The results of our upscaling method are compared to those of the closure method in Fig. 6. Note that \( k_{\text{eff}} \) was set equal to \( k \) in our algorithm, as this assumption is used in the closure method. Accordingly, Eq. (17.a) was used to calculate \( \phi_{\text{eff}} \), while the effective diffusivity was directly determined as \( D_{\text{eff}} = kL^{2} /\phi_{\text{eff}}^{2} \) instead of using Eq. (17.b). When \( \phi \) is either small (\( \phi = 0.1 - 1 \)) or large (\( \phi = 10 - 100 \)), the effective diffusivities predicted by both methods are almost the same. However, they slightly differ in the intermediate range \( \phi = 1 - 10 \), especially for low porosities. This difference is explained by the 2D effects that arise around the upper constriction of the fluid space when \( \phi = 1 - 10 \), which helps diffusive transport across the material. As a result, the effective diffusivity predicted by our 1D upscaling formulation is somewhat higher compared to that of the 2D upscaling formulation of the closure method. In other words, all 2D pore-scale transport effects in our 1D upscaling method are collected in the value of the effective diffusivity. By contrast, in the closure method part of the 2D pore-scale transport effects is preserved in the 2D macroscopic equation; hence, the corresponding effective diffusivity is lower.

Fig. 6
figure 6

Variation of the normalized effective diffusivity, \( \varepsilon D_{\text{eff}} /D \), with the pore-scale Thiele modulus, \( \phi = L\sqrt {k/D_{\text{bulk}} } \), as predicted by the closure method (curves) and the present method (dots) for different porosities of the 2D geometry used in the validation campaign (Lugo-Méndez et al. 2015): \( \varepsilon = 0.4,\;0.6\;{\text{and}}\;0.8 \)
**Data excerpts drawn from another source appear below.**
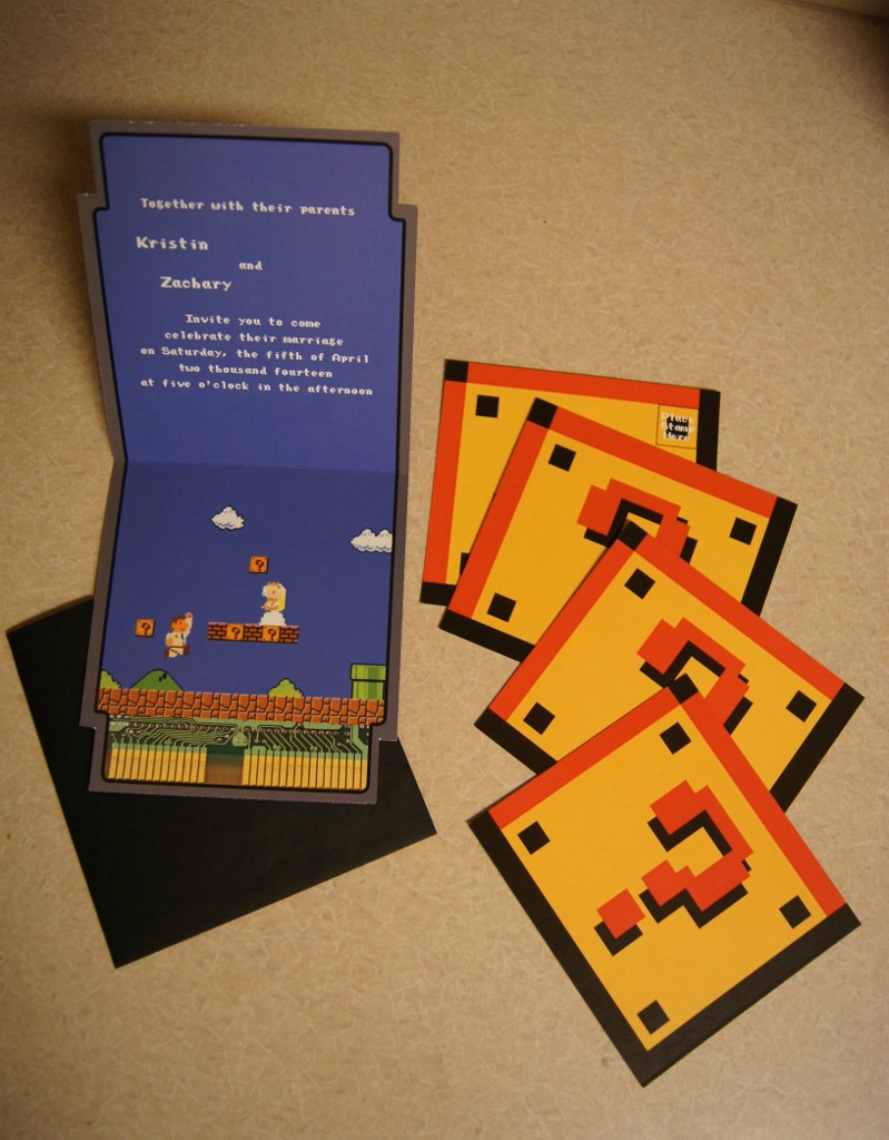 結婚式の招待状。封筒から中身までスーパーマリオ風!
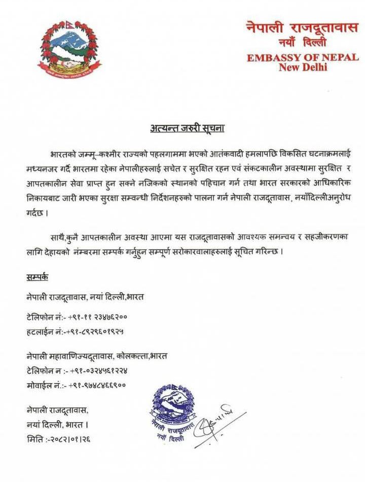 भारतको जम्मू–कश्मीर राज्यको पहलगाममा भएको आतंकवादी हमलापछि विकसित घटनाक्रमलाई मध्यनजर गर्दै भारतमा रहेका नेपालीहरुलाई सचेत र सुरक्षित रहन राजदूतावासले अनुरोध गरेको छ । संकटकालीन अवस्थामा सुरक्षित र आपतकालीन सेवा प्राप्त हुन सक्ने नजिकको स्थानको पहिचान गर्न तथा भारत सरकारको आधिकारिक निकायबाट जारी भएका सुरक्षा सम्बन्धी निर्देशनहरुको पालना गर्न नेपाली राजदूतावास, नयाँदिल्लीले शुक्रबार जारी गरेको सूचनामार्फत अनुरोध गरेको छ ।
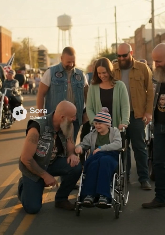 Big Joe Ramirez, president of the Iron Hearts MC, stood at the head of the crowd, his leather vest glinting in the Texas sun. Beside him sat Eli in his wheelchair, a tiny leather vest across his frail frame that read “Little Rider.” His face, pale from the illness, still held the kind of smile that could light up a room.
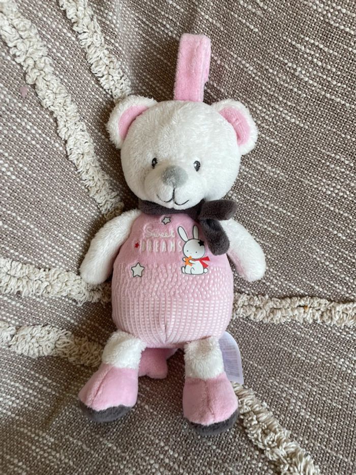 Peluche doudou musical 26cm Mots d’Enfants ours blanc avec doudou rose très bon état
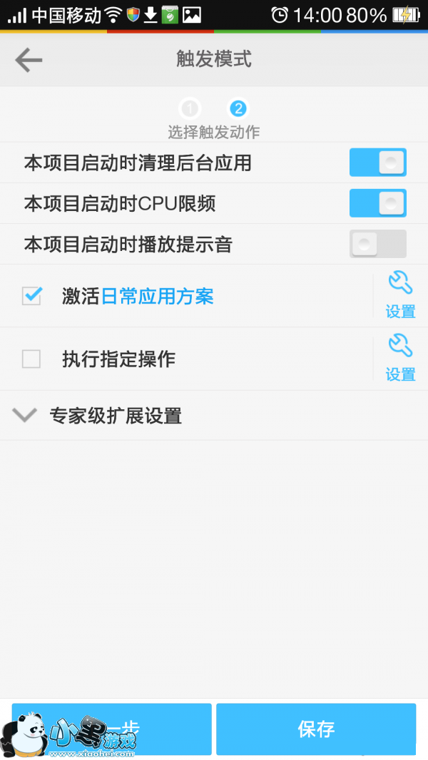 包括“LBE安全大师”(下载地址:http://www.lbesec.com/)在内的很多客户端软件都提供了高级电源管理功能。以LBE为例,我们可以手动添加触发条件(图1),比如当屏幕熄灭时自动清理内存、CPU降频(图2)。此外,还可以根据时间段设定不同的功能开关状态,比如晚上23点后自动关闭网络、CPU降频、静音、关闭触感等等。
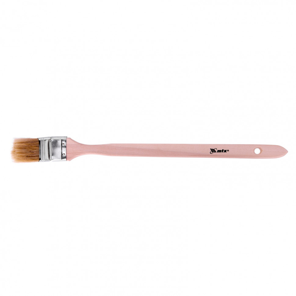 Радиаторная кисть MTX 83843 шириной 1,5 дюйма, с натуральной щетиной и деревянной ручкой, используется для окрашивания радиаторов водяного отопления, металлических проволочных конструкций, труб, а также углов и стыков стен. Решение этих задач облегчает удлиненная ручка изогнутой формы. Натуральная щетина устойчива к агрессивным средам, поэтому кисть применяется с эмалями и масляными красками.
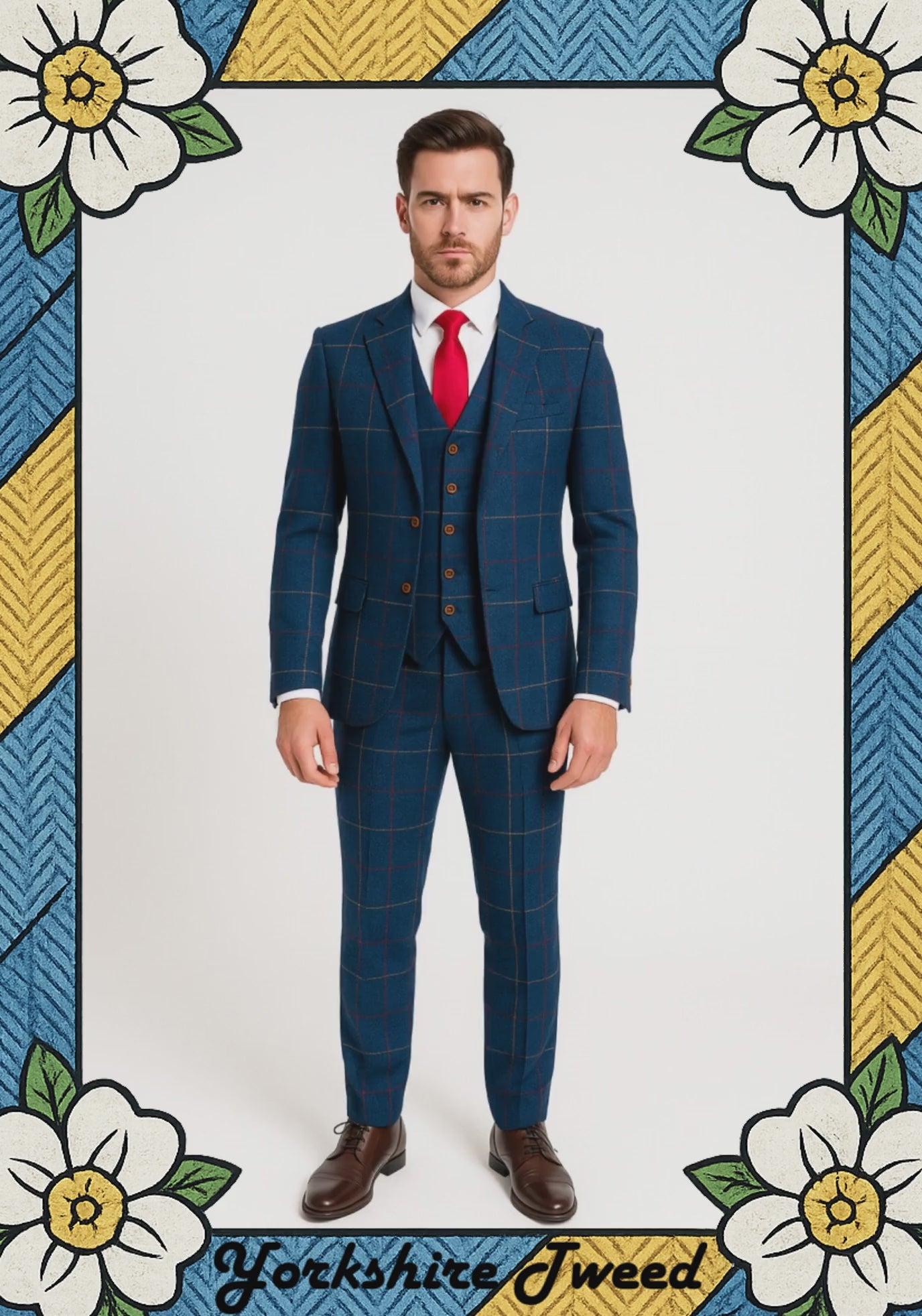 The cloth is a bold blue tweed with a large check – properly characterful, but still tailored enough to wear to weddings, race days and big nights out.
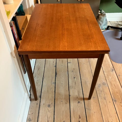 Dansk Design. Spisebord 4 til 10 personer. Smuk patina trænger til en opfriskning med olie. 2xudtræk 50 cm. Total længde udslået 2,30m
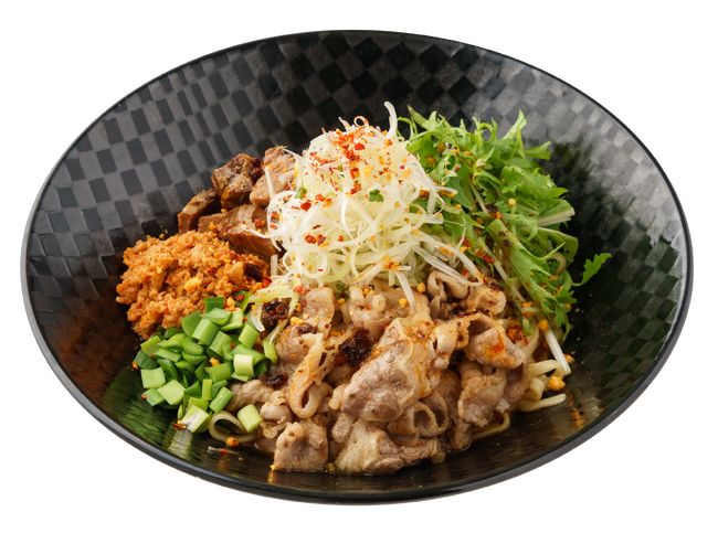 汁なし麻辣面に牛バラの焼き肉を豪快にトッピング!
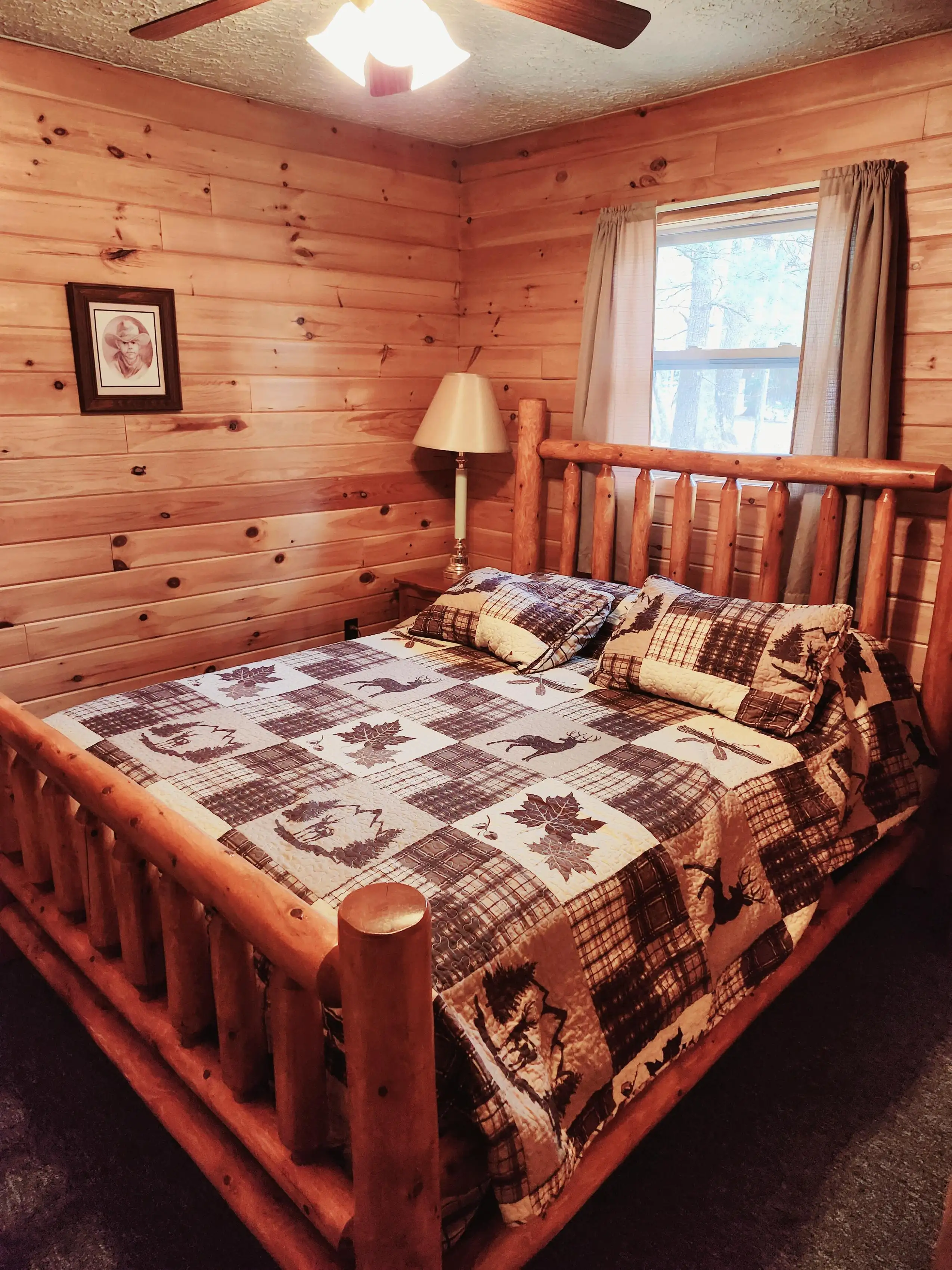 Hemlock Haven features a huge wrap-around porch with plenty of outdoor furniture and is one of our largest and roomiest cabins. The cabin's interior has been completed with knotty pine wood.

The above situation is further illustrated in Fig. 7, which shows the dimensionless concentration distribution for \( \varepsilon = 0.4 \), corresponding to three different values of the Thiele modulus: ϕ = 0.1, 5 and 50. When ϕ = 0.1, diffusion is fast compared to reaction, so the local diffusive flux through the porous medium is almost 1D. Similarly, when ϕ =50 the reaction rate is very high and species transport takes place only in the inlet bulk region, and thus the diffusive flux is 1D again. However, in the case of ϕ = 5, both reaction and diffusion play a relevant role, and the diffusive flux shows noticeable 2D effects around the contractions/expansions of the porous medium. In particular, the significant flux in x-direction around the lower contraction promotes diffusive transport toward the lateral bulk regions, which, in turn, enhances transport in z-direction. Consequently, the effective diffusivity computed by our 1D method is somewhat higher compared to that of the 2D closure method, as discussed earlier. The differences between the two methods decrease for higher porosities because species transport is less affected by the internal solid obstacle and the pathways become more 1D. For instance, \( D_{\text{eff}} /D = 1 \) when \( \varepsilon = 1 \) regardless of the value of ϕ, as shown in Supplemental Material. The overall good agreement of the results was considered fair enough to confirm the proper functioning of the present method.

Fig. 7
figure 7

Dimensionless pore-scale concentration distribution, \( c/c_{1} \), in the simple 2D geometry used for the validation of the present method (Lugo-Méndez et al. 2015), corresponding to different values of the pore-scale Thiele modulus: a\( \phi = 0.1 \), b\( \phi = 5 \), and c\( \phi = 50 \). The porosity is \( \varepsilon = 0.4 \)

5 Results and Discussion

The influence of the reaction rate on the effective diffusivity of the catalyst layer and the idealized catalyst layer (array of cylinders) is illustrated in Fig. 8. Figure 8a, d shows the local diffusivity distributions, which range between D = 2.83 × 10−5 m2/s in the fluid region and D = 1.41 × 10−6 m2/s in the permeable solid region. In addition, Fig. 8b, c, e, f shows the computed reaction rate distributions in the catalytic solid region and the transport pathways for the case ϕ = 1. It can be clearly seen that the transport pathways in the catalyst layer are significantly more tortuous than those in the idealized geometry, where they are nearly straight lines.

Fig. 8
figure 8

Distributions of local diffusivity, \( D \), reaction rate, \( R = - kc \) and transport pathways at the pore scale, corresponding to the nano X-ray CT image of the catalyst layer (ac) and the idealized array of cylinders (df). The pore-scale Thiele modulus is \( \phi = 1 \)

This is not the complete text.